Wieder bin ich ohne Wohnung, habe noch kein Zimmer in Berlin, egal. Egal. Ich muss jetzt weg. Meine fehlende Geduld kommt wieder ins Spiel, die und mein geknickstes Herz, ich verlass Wien wie ich damals hier angekommen bin, immerhin, ein Kreismoment. Kann auch seit Wochen nichts anderes von mir geben als dieses selbstmitleidige Geseiere, wer will das hören, niemand, deswegen schreib ich es hier hin, quetsch es raus. Die Ironie ist groß und hockt mir unpraktisch auf den Schultern, da sollte doch anderes Gepäck hin, aber gut, kommst du halt auch mit, du bist ja nun schon länger da.

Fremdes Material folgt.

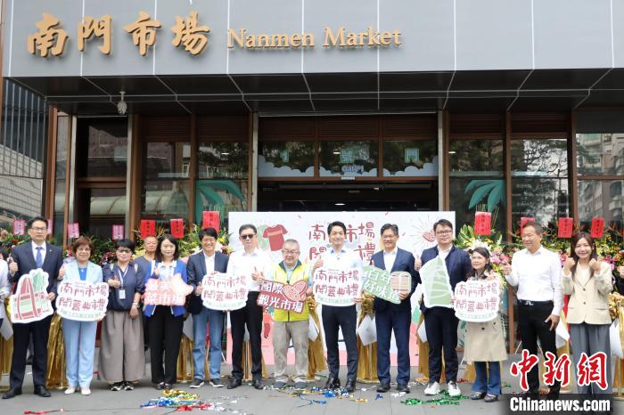 11月16日,經(jīng)過四年改建的臺北南門市場正式重新開業(yè),圖為出席開幕式的嘉賓剪彩后合影?!≈行律缬浾?陳小愿 攝

Die grobe Planung besagt, dass ich jetzt ins Salzkammergut fahre, dann nach Freiburg zu Sophie, dort an meinem jetzigen Textprojekt arbeite, dann nach Insul (Worldcup Downhillrennen), dann zum Joyride (Freeride). Ob, wie, wann, was: Ich weiß es nicht. Mal schauen. So anstrengend meine nicht vorhandene Planung es manchmal macht, umso wohliger wirds, wenn ich mich nur nach Laune und Sonne richte, der Wind neben mir, ansonsten der jeweilige Ohrwurm im Kopf und ich auf der Straße. Ja ich weiß, ich bewege mich hier ausschließlich in Umgebung von ausgelutschten einsame Wölfin-Metaphern, aber ich hab Herzscheiße, steck bis zum Hals drin und die Ausläufer kriechen mir ins Hirn, machen andere Gedanken unmöglich. Hoffen wir, dass der klare Blick zurück kommt, wenn ich weit genug weg bin und lange genug auf Landstraßen mein tausendfach wiedergekäutes „Aber was wäre wenn..?“ in den Gegenwind gebrüllt hab. Falls du das hier liest: Ich werd dich vermissen, immerzu.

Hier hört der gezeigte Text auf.